Q&A from the Center of Disease Control (CDC) relating to the Zika virus infection and pregnancy

I am pregnant. Should I travel to a country where cases of Zika have been reported?

Until more is known, the CDC recommends special precautions for pregnant women and women trying to become pregnant:

Pregnant women in any trimester should consider postponing travel to the areas where Zika virus transmission is ongoing. Pregnant women who do travel to one of these areas should talk to their doctor first and strictly follow steps to avoid bites during the trip.

Women trying to become pregnant or who are thinking about becoming pregnant should consult their doctor before traveling to these areas and strictly follow steps to prevent mosquito bites during the trip.

Is it safe to use an insect repellent if I am pregnant or nursing?

Yes. Using an insect repellent is safe and effective. Pregnant women and women who are breastfeeding can and should choose insect repellents and use it according to the product label.

If a woman who is not pregnant is bitten by a mosquito and infected with Zika virus, will her future pregnancies be at risk?

The CDC does not know the risk to the infant if a woman is infected with Zika virus while she is pregnant. Zika virus usually remains in the blood of an infected person for only a few days to a week. The virus will not cause infections in an infant that is conceived after the virus is cleared from the blood. There is currently no evidence that Zika virus infection poses a risk of birth defects in future pregnancies. A women contemplating pregnancy, who has recently recovered from Zika virus infection, should consult her healthcare provider after recovering.
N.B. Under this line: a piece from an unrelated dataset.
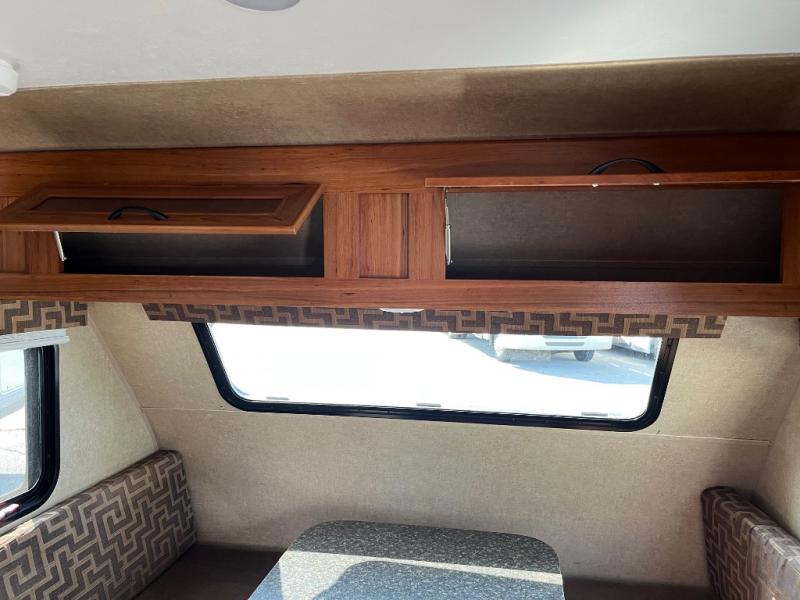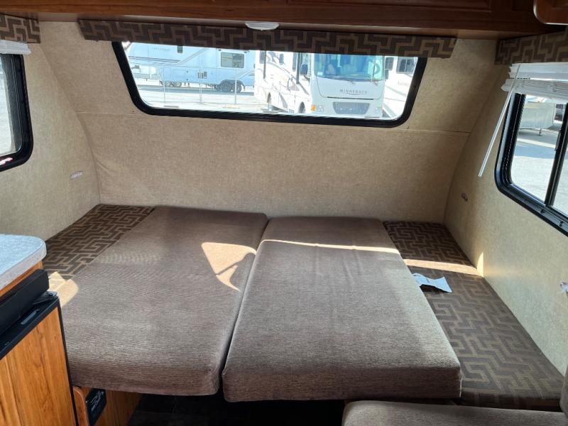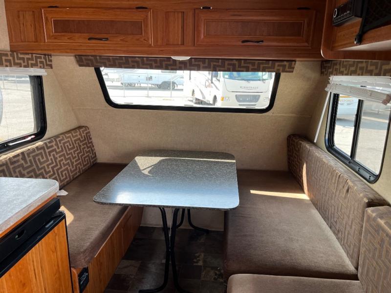 The front booth dinette is great for mealtime and even a board game or two. When you lower the table it becomes a handy place to sleep.

Should a pregnant woman who traveled to an area with Zika virus be tested for the virus?

See your healthcare provider if you are pregnant and develop a fever, rash, joint pain, or red eyes within 2 weeks after traveling to a country where Zika virus cases have been reported. Be sure to tell your health care provider where you traveled.

Can a previous Zika virus infection cause someone who later becomes pregnant to have an infant with microcephaly?

The CDC does not know the risk to the baby if a woman is infected with Zika virus while she is pregnant. However, Zika virus infection does not pose a risk of birth defects for future pregnancies. Zika virus usually remains in the blood of an infected person for about a week. The virus will not cause infections in a baby that is conceived after the virus is cleared from the blood.

Is it safe to get pregnant after traveling to a country with Zika virus?

If infected, Zika virus usually remains in the blood of an infected person for about a week. The virus will not cause infections in a baby that is conceived after the virus is cleared from the blood.

Can a pregnant woman be tested for Zika weeks or months after being in a country with Zika?

At this time the CDC does not recommend routine Zika virus testing in pregnant women who have traveled to a country with known transmission. First, there can be false-positive results due to antibodies that are made against other related viruses. Second, the CDC does not know the risk to the fetus if the mother tests positive for Zika virus antibodies. The CDC does not know if the risk is different in mothers who do or do not have symptoms due to Zika virus infection.

If a woman who has traveled to an area with Zika virus transmission, should she wait to get pregnant?

The CDC does not know the risk to an infant if a woman is infected with Zika virus while she is pregnant. Zika virus usually remains in the blood of an infected person for only a few days to a week. The virus will not cause infections in an infant that is conceived after the virus is cleared from the blood. There is currently no evidence that Zika virus infection poses a risk of birth defects in future pregnancies.